Urjit Patel also underlined the need for resolution of stressed assets of banks and timely recapitalisation of PSU lenders.
Mumbai: RBI Governor Urjit Patel had argued for avoiding "premature policy action" and waiting for more inflation data at the meeting of the interest rate setting panel earlier this month.
RBI's Monetary Policy Committee (MPC), which met on June 6-7, had kept the repo rate unchanged at 6.25 per cent, citing risks to inflation. As per minutes of the fifth MPC meeting, five of the six members had voted in favour of status quo on rates.
It was for the first time that the decision of the MPC, constituted last September, was not unanimous.
IIM-Ahmedabad faculty Ravindra Dholakia had advocated a 50 basis point cut in the repo rate, saying several noteworthy developments recently on prices and output fronts warrant a decisive policy action.
Patel, who heads the MPC, also underlined the need for resolution of stressed assets of banks and timely recapitalisation of public sector lenders. "Considering the high uncertainty clouding the near-term inflation outlook, there is a need to avoid premature policy action at this stage. I, therefore, vote for holding the policy repo rate at the current level of 6.25 per cent and maintaining the neutral stance of monetary policy," he said.
The Governor further said incoming data is expected to provide greater clarity on the durability of recent food and non-food disinflation. One more set of inflation data will be released by the government before next meeting of the MPC on August 1-2.
Data released after the RBI's policy review showed that retail inflation hit a low of 2.18 per cent in May from 2.99 per cent in April. Wholesale price inflation too fell to 2.17 per cent in May from 3.85 per cent in April.
As per the minutes, Dholakia favoured a 50 bps cut in policy rate. "In my opinion, this is the most opportune time for the MPC to effect a major cut of 50 basis points in the policy rate to bring it down from 6.25 per cent to 5.75 per cent," he opined. However, Patel was of the view that there is need to avoid "premature policy action".
The Governor further said the quiescent investment cycle remains a key macroeconomic concern and it is, therefore, imperative to ensure resolution of stressed assets of banks and timely recapitalisation of PSBs.

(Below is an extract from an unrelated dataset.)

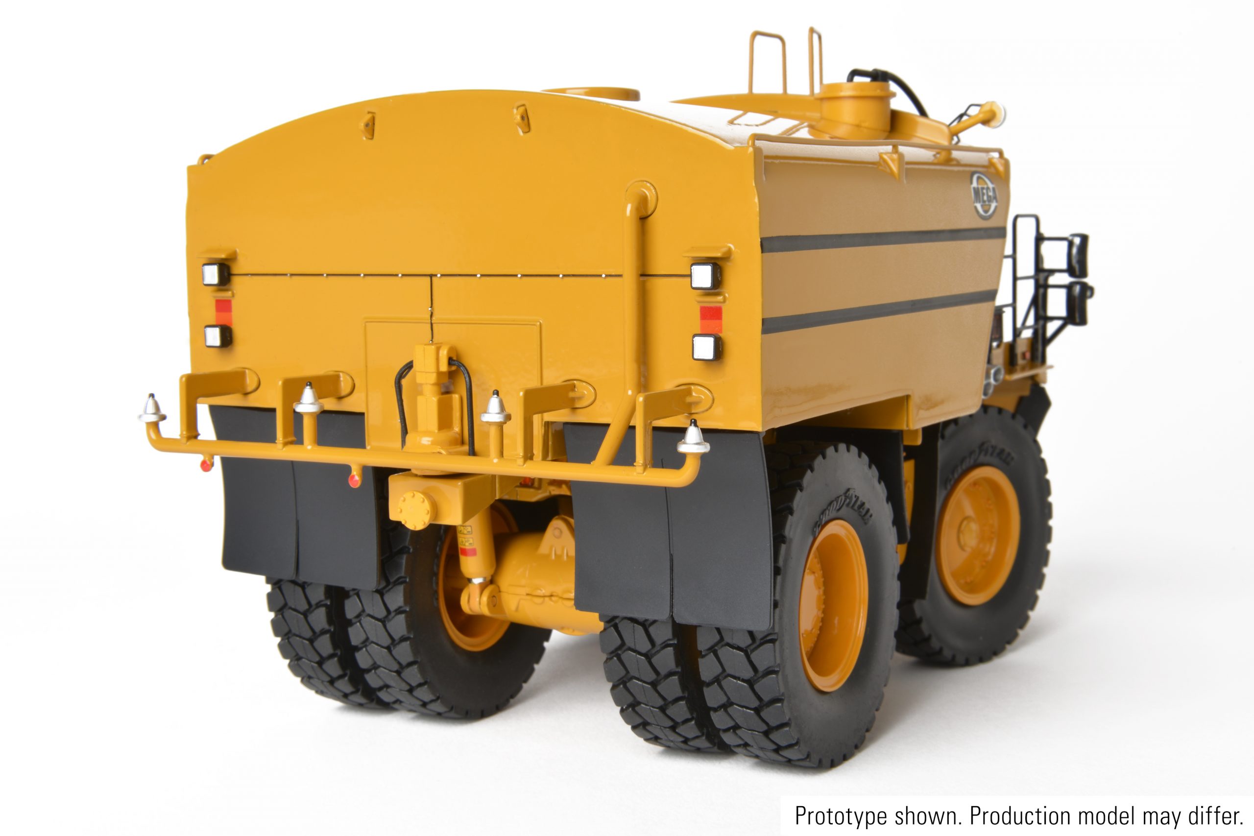 Our die-cast model of this machine will be based on the finely rendered details of our Cat 777G haul truck. In keeping with the design of the actual machine, our replica of the Mega MTT20 water tank will pin to the truck chassis. Other details that will be replicated on the model include the Mega water pump feeding the rear spray bar with 4 horizontal spray heads, the 2 vertical spray head valves mounted on top of the tank and the water cannon fed by an additional hose from the foam agent system reservoir embedded in the tank. A fill port safety grate, ladder and safety rails are among the other realistic details found on the model.

Voting in favour of status quo, RBI Deputy Governor Viral Acharya said tolerance for a slightly higher real rate of interest is justified to ensure weak banks do not find relatively low the hurdle rate for ever-greening of bad loans. "What is required for monetary policy to do its job better is to address the stress on bank (and highly-indebted borrower) balance sheets," he said.
As per the minutes, Patel said while transmission of past policy rate cuts continues - with some banks further reducing the deposit and lending rates - aligning administered interest rates on small savings to market rates can further strengthen the monetary transmission.